The next obvious question is, "what is fair and reasonable" ?
There is an explanatory statement in the Tax Regs that addresses this :
'In determining what is fair and reasonable it is necessary to have regard to members' proportionate interests in the superannuation plan. It would ordinarily be expected that the allocation would be in proportion to the existing interests of the members, so that particular members are not favored over others.'
Further to this the Tax Office has said that to be fair and reasonable the allocation of an amount from a reserve should be allocated to each member’s interest in proportion to that interest in the superannuation fund. So in other words, if Mum and Dad's member accumulation accounts in their SMSF account for 60% and 40% respectively of the aggregate member balance in the fund, then an allocation from a reserve must be in the same proportion - unless of course your happy for the allocation to be treated as a concessional contribution.
Note that the proportionate allocation must be in regard to all of a member's interests - its not just at the member level. For example, say a member has an accumulation account, and two pensions which collectively make up 40% of the SMSF member balances. The proportionate allocation must be across all of his interests - not just allocating the 40% to say his accumulation account.

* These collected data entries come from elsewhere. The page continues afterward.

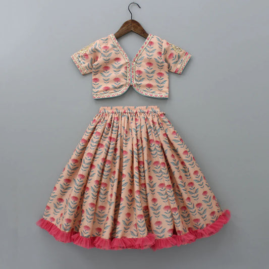 FLORAL PRINTED CROP TOP WITH LEHENGA AND NET DUPATTA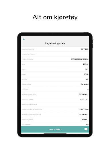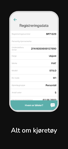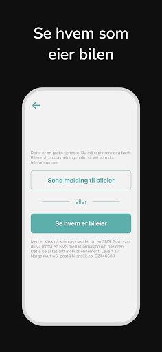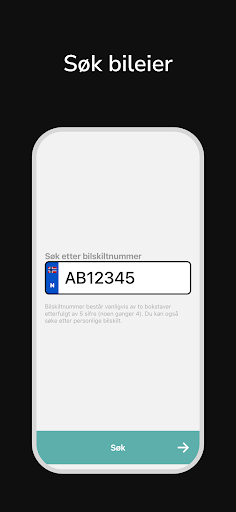 Appen gjør det enkelt og rask å finne eier til kjøretøy. Dette er betalt funksjon.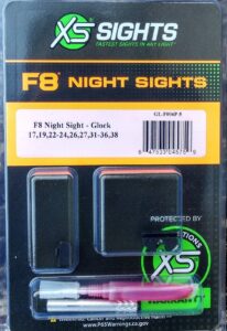 There are many types of sights being made today, but what type of sights work well on a self Defense (SD) handgun? I love my Glock handguns but the one thing I do not like are the plastic sights. So that is one of my first upgrades that I want to change.  I really like the XS Sight Company as I feel they have very high quality sights at a somewhat reasonable price. I was looking on Amazon a while back and found a new style of XS Night Sights that I thought might just work for me and besides they were at a very reasonable introductory price. So I thought I would give them a try. I bought three for my Glocks, my Glock 19, 30 and 20. Most of my discussion will be about my Glock 19 (9mm), so let’s talk about it.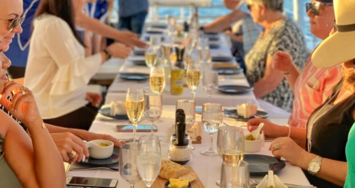 4시간 동안 7코스 고급 해산물 연회 캐치 앤 다이닝 경험을 위해 로트네스트 크루즈(Rottnest Cruises) 선박 탑승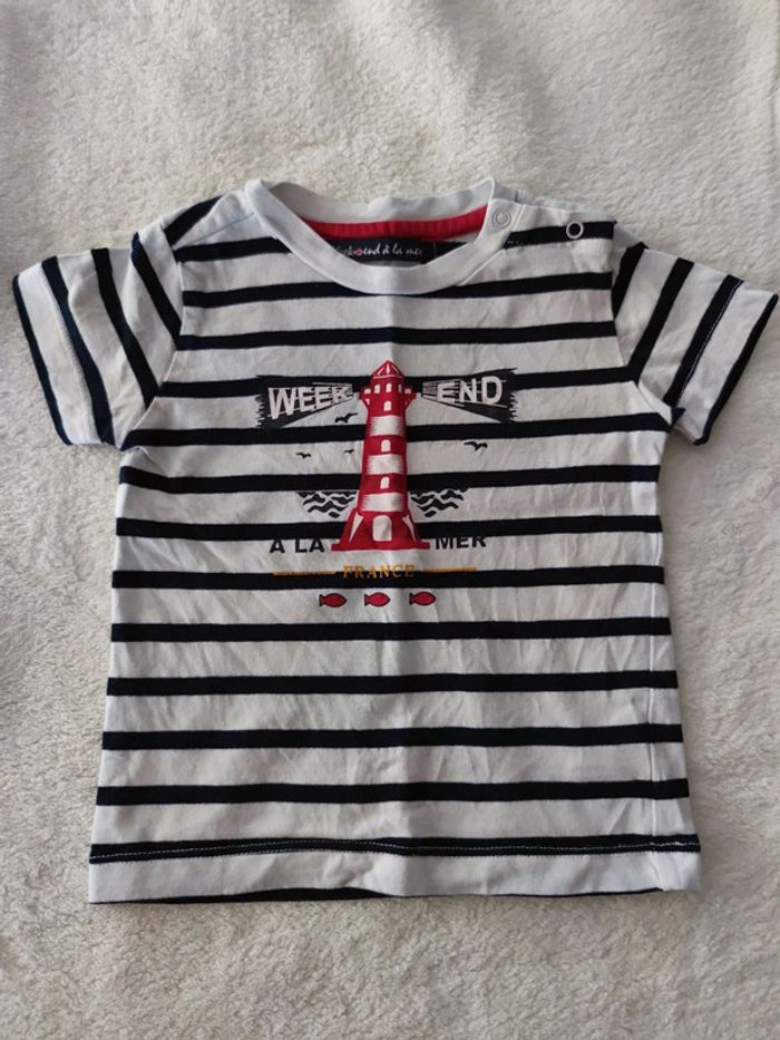 T-shirt marinière un weekend à la mer Taille 6 mois Un weekend à la mer Ouverture au col Porté 1 ou 2 fois Pas de tâches ni trou 🎁 Un cadeau offert pour toute commande + un cadeau supplémentaire par tranche de 10€ d'achat (hors frais de protection et frais de port)

For an accumulation interest, an allocation to a member account will form part of the taxable component of the member's account balance.

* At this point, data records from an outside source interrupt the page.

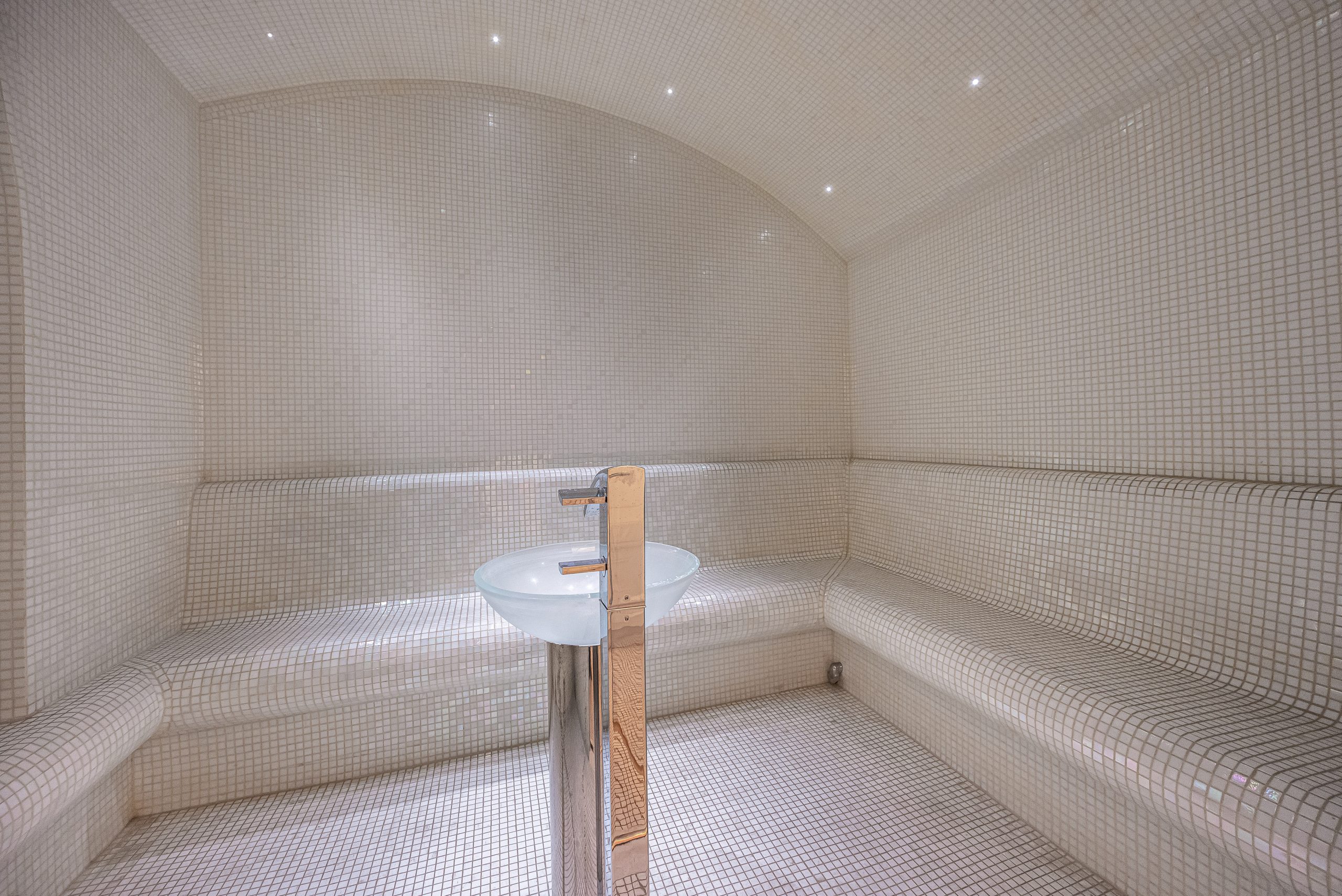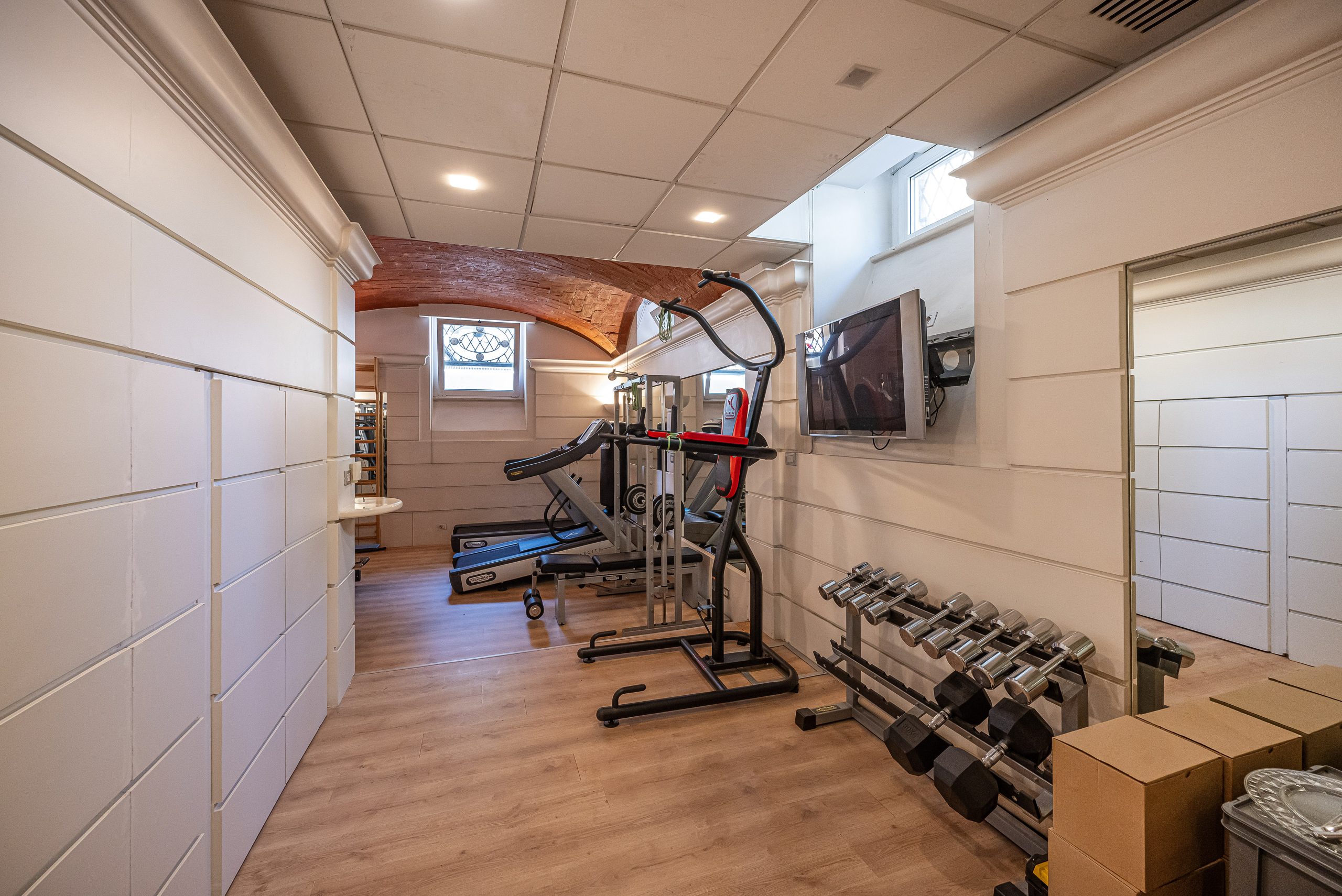 Al seminterrato si trovano ulteriori spazi uffici e una zona wellness con palestra e bagno turco, mentre all’esterno una dependance su due livelli e un terrazzo completano la proprietà .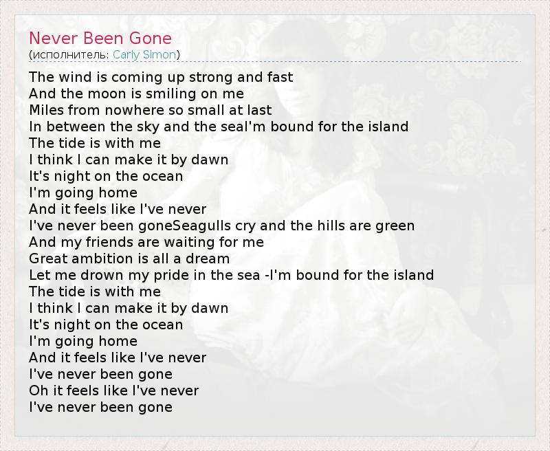 А как ты думаешь, о чем песня "Never Been Gone" ?
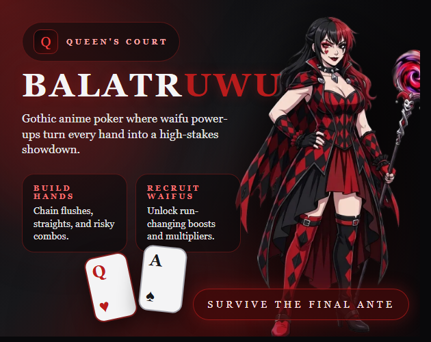BalatrUwU is a gothic anime poker roguelite where every run is a climb through the Queen’s Court. Build powerful hands, manage your discards, and recruit waifu companions with unique abilities that can completely change your scoring strategy.
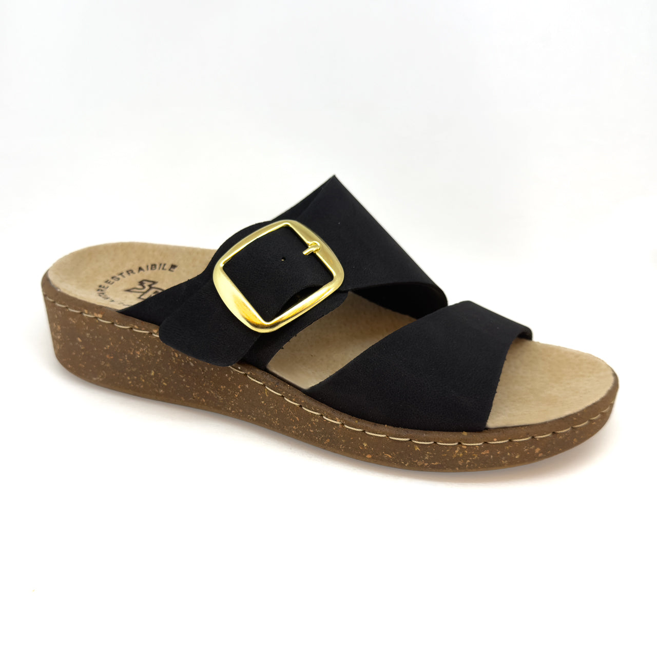 Essenziale, comoda e sempre attuale la ciabatta in ecopelle effetto nabuk è caratterizzata da doppia fascia con fibbia regolabile, per una calzata pratica e personalizzata. Plantare in pelle estraibile, comodo e pratico, da poter sostituire con un vostro plantare ortopedico. Zeppa effetto sughero da 4,5 cm.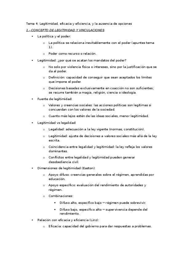 TEMA 4. EL CONCEPTO DE LEGITIMIDAD Legitimidad. Eficacia y eficiencia. La ausencia de opciones

This is where it gets interesting. Remember, you can not add capital to an income stream once it has commenced. So what happens in the above example where you make an allocation from reserves, but you must do it on a proportional basis to every member's interest, and one member has one (or two) income streams ?

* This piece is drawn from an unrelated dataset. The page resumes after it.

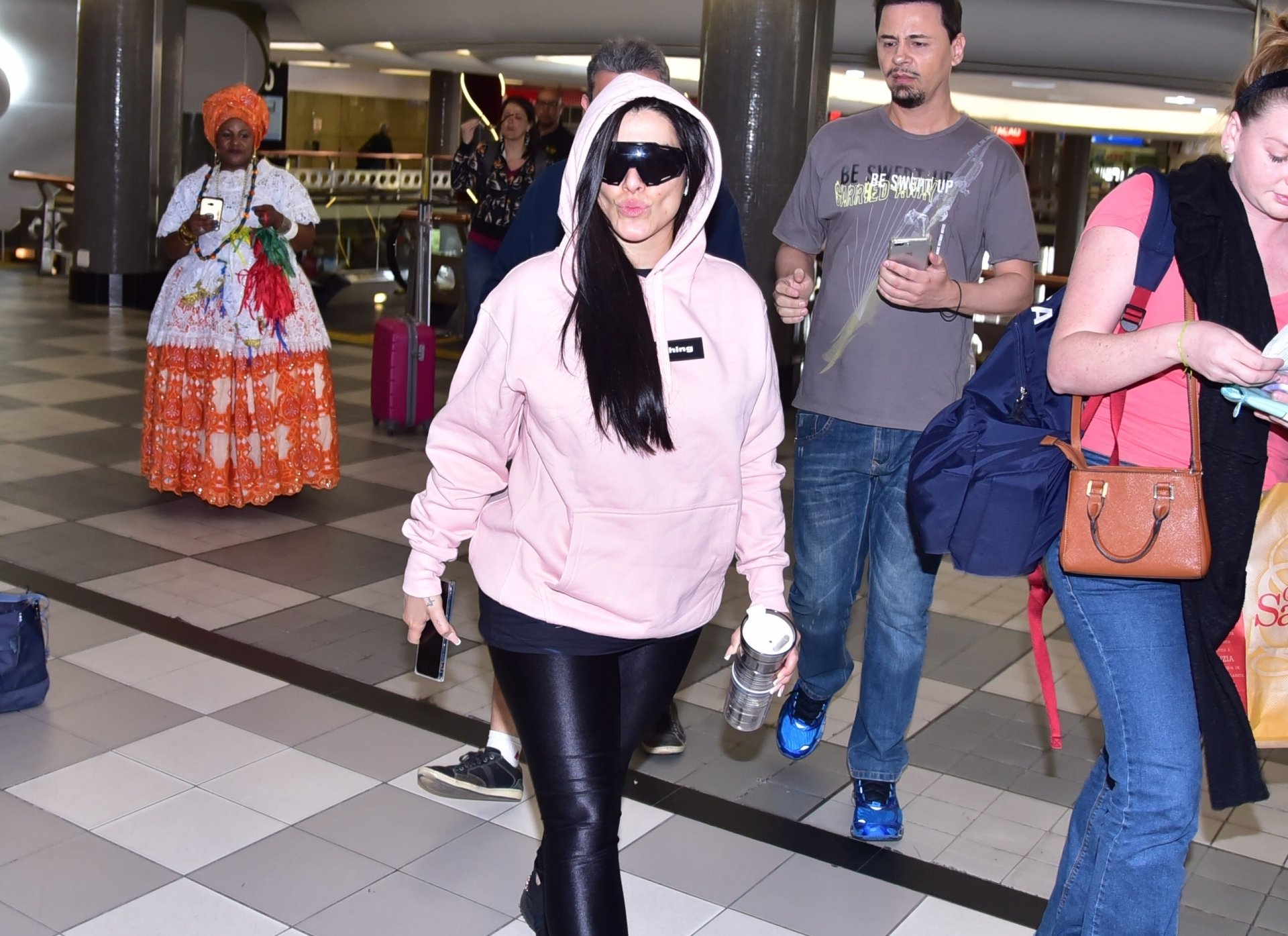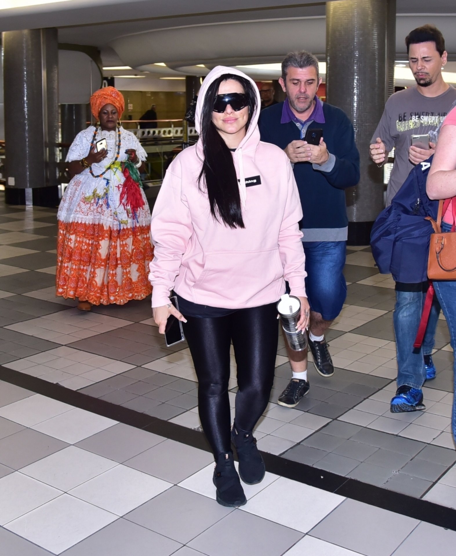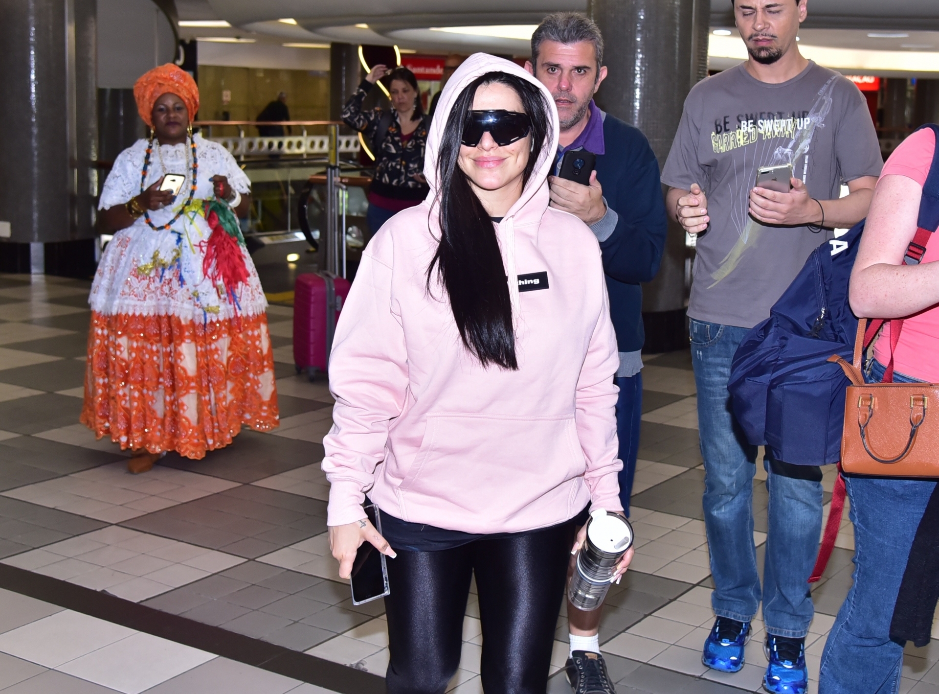 Cleo foi flagrada super básica andando pelos corredores do aeroporto de Congonhas, em São Paulo. Vestida com uma calça legging preta e um moletom cor de rosa, a atriz parou para atender fãs, tirar fotos e dar autógrafos. Um sucesso só, né mores? Veja fotos!

The ATO has recently expressed their view that an interest supporting an income stream can accept an allocation from reserves because an allocation from a reserve is not considered an increase to the capital of the fund and therefore is not considered a superannuation contribution. Neither is it an addition to the capital supporting the pension by way of a rollover. This is assuming of course that the allocation is made subject to the rules we discussed above, which if not followed will cause the allocation to be treated as a concessional contribution instead.
The common method therefore of allocating reserves to income streams is to provide an enhanced investment return as part of the superannuation income stream interest, where the tax components will be determined based on the tax free component of that interest. For example, a reserve allocation to a pension which is 100% tax free would therefore also be entirely tax free.
Further to all of this, the allocation won't affect the respective proportions of the tax free and taxable components of the income stream established at its commencement.